Ook is niet in geschil dat appellant het bezwaar tegen het besluit van 14 oktober 2015 na afloop van de in artikel 6:7 van de Awb genoemde termijn van zes weken heeft ingediend. In geschil is of die termijnoverschrijding verschoonbaar is.
In artikel 2.39, eerste en tweede lid, van de Wet Brp is bepaald dat de ingezetene die zijn adres wijzigt hiervan niet later dan de vijfde dag na de adreswijzing schriftelijk aangifte doet bij het college van burgemeester en wethouders van de gemeente waar hij zijn nieuwe adres heeft.
Ingevolge artikel 2.40, eerste en derde lid, van de Wet Brp kan degene die zijn woonadres heeft in een PI in plaats van zijn woonadres een briefadres kiezen en daarvan overeenkomstig artikel 2.39, eerste lid, van de Wet Brp aangifte doen. In het vijfde lid van artikel 2:40 van de Wet Brp is bepaald dat het hoofd van de penitentiarie inrichting aan de betrokkenen personen tijdig schriftelijke mededeling doet van de mogelijkheid tot aangifte van een briefadres.
Uit artikel 2.39 van de Brp volgt dat een gedetineerde in beginsel zelf zorg dient te dragen voor registratie van diens woonadres in de Brp. Het hoofd van de PI dient, ondanks de hiervoor omschreven eigen verantwoordelijkheid van de gedetineerde, conform artikel 2.40, vijfde lid, van de Brp aan een gedetineerde tijdig schriftelijk mededeling te doen van de mogelijkheid tot aangifte van een briefadres. De ten tijde van belang geldende Circulaire Correcte registratie op een briefadres in de Brp van 6 december 2013 vermeldt dat bij penitentiaire inrichtingen het om privacy redenen van belang is het woonadres niet op te nemen. Verwezen wordt naar afspraken die zijn gemaakt tussen het ministerie van Veiligheid en Justitie en de VNG over onder meer de registratie van het adres van gedetineerden in de Brp. Met zijn verwijzing naar de onder 3 vermelde brief verwijst appellant naar deze afspraken. Ook in die brief is vermeld dat de gedetineerde zelf verantwoordelijk is voor het doen van aangifte van adreswijziging. Hij zal hierbij worden ondersteund door een medewerker van de PI. Daarin is echter ook vermeld dat indien geen aangifte wordt of kan worden gedaan door de gedetineerde zelf, het adres van de PI als woonadres moet worden geregistreerd en dat dit zo nodig door de gemeente waar de inrichting is gevestigd ambtshalve moet worden gedaan. In de brief is voorts vermeld dat de correcte registratie van het adres in (toen nog) de Gemeentelijke basisadministratie persoonsgegevens niet alleen in het belang van de overheid is, maar ook in dat van de betrokken burger.
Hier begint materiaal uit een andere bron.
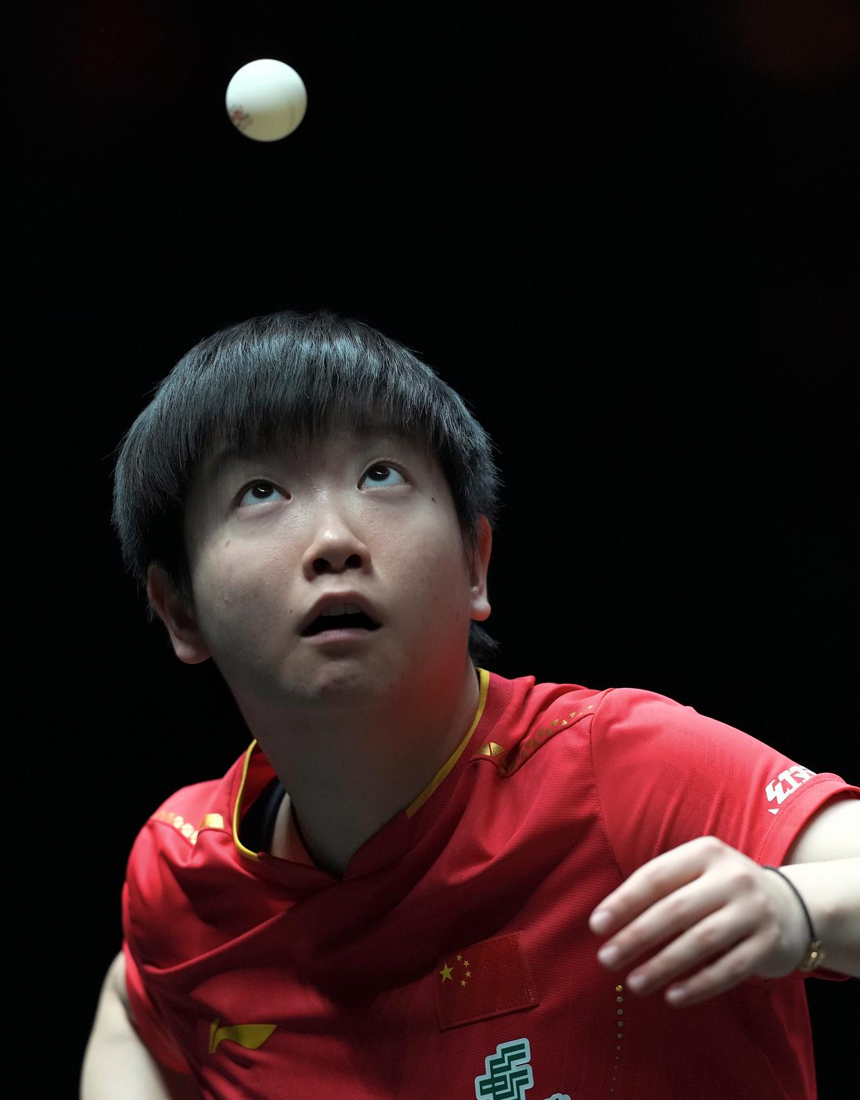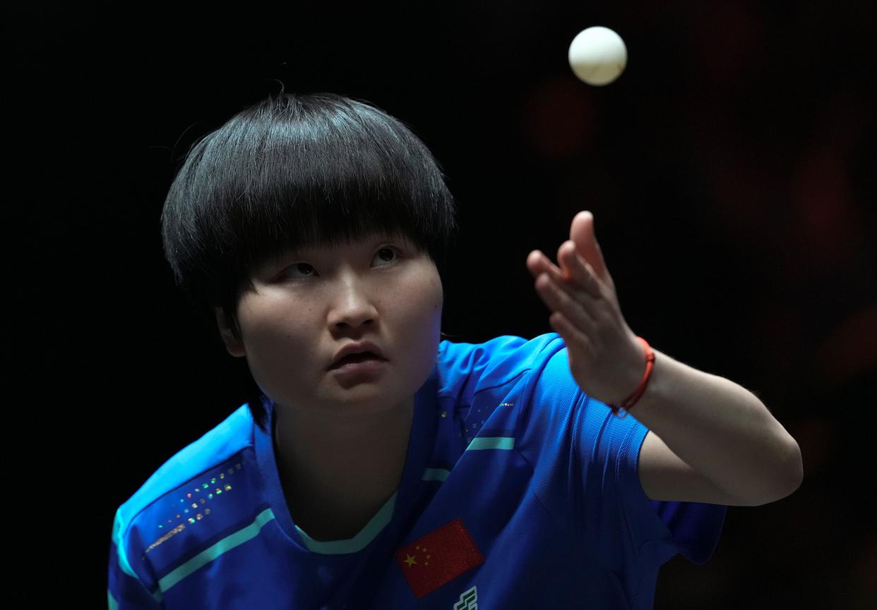 9月30日,孙颖莎在比赛中发球。新华社记者 孙非 摄

Gelet op het feit dat appellant ten tijde van de verzending van het besluit van
14 oktober 2015 in de Brp nog op het uitkeringsadres geregistreerd stond, kan worden vastgesteld dat zowel appellant als de PI toen geen aangifte van adreswijziging hadden gedaan, waardoor het besluit van 14 oktober 2015 niet naar het detentieadres van appellant is verzonden. Ook heeft de gemeente waar de inrichting is gevestigd (de gemeente [gemeente 2] ) het adres van de PI niet als woonadres ingeschreven. Appellant heeft onbetwist gesteld dat hij toentertijd niet is gewezen op de mogelijkheid om aangifte te doen van een briefadres en dat hij geen ondersteuning heeft gehad van een medewerker van de PI bij het doen van aangifte van adreswijziging. Uit het door het college overgelegde Digitaal Platform Aansluiting Nazorg formulier (DPAN-formulier) van appellant kan dat ook niet worden afgeleid. Dit kan echter, mede gelet op de nog maar korte tijd die appellant ten tijde van de verzending van het besluit van 14 oktober 2015 (preventief) gedetineerd was en ondanks het feit dat het college daarvan bericht had ontvangen, niet aan het college worden tegengeworpen en maakt de termijnoverschrijding door appellant niet verschoonbaar. De primaire verantwoordelijkheid voor de juiste inschrijving in de Brp rust op appellant zelf en voorts moet volgens vaste jurisprudentie (uitspraken van 7 december 2016, ECLI:NL:CRVB:2016:4666, en van
10 juni 2014, ECLI:NL:CRVB:2014:1966) een betrokkene bij langdurige afwezigheid, zoals detentie, passende en toereikende maatregelen nemen voor de verzorging van zijn post. Dat in de uitspraak van het Gerechtshof in een zaak betreffende een door het Centraal Justitieel Incassobureau verzonden besluit, dus een zaak die speelde binnen de justitiële keten, anders is geoordeeld, doet aan het voorgaande niet af.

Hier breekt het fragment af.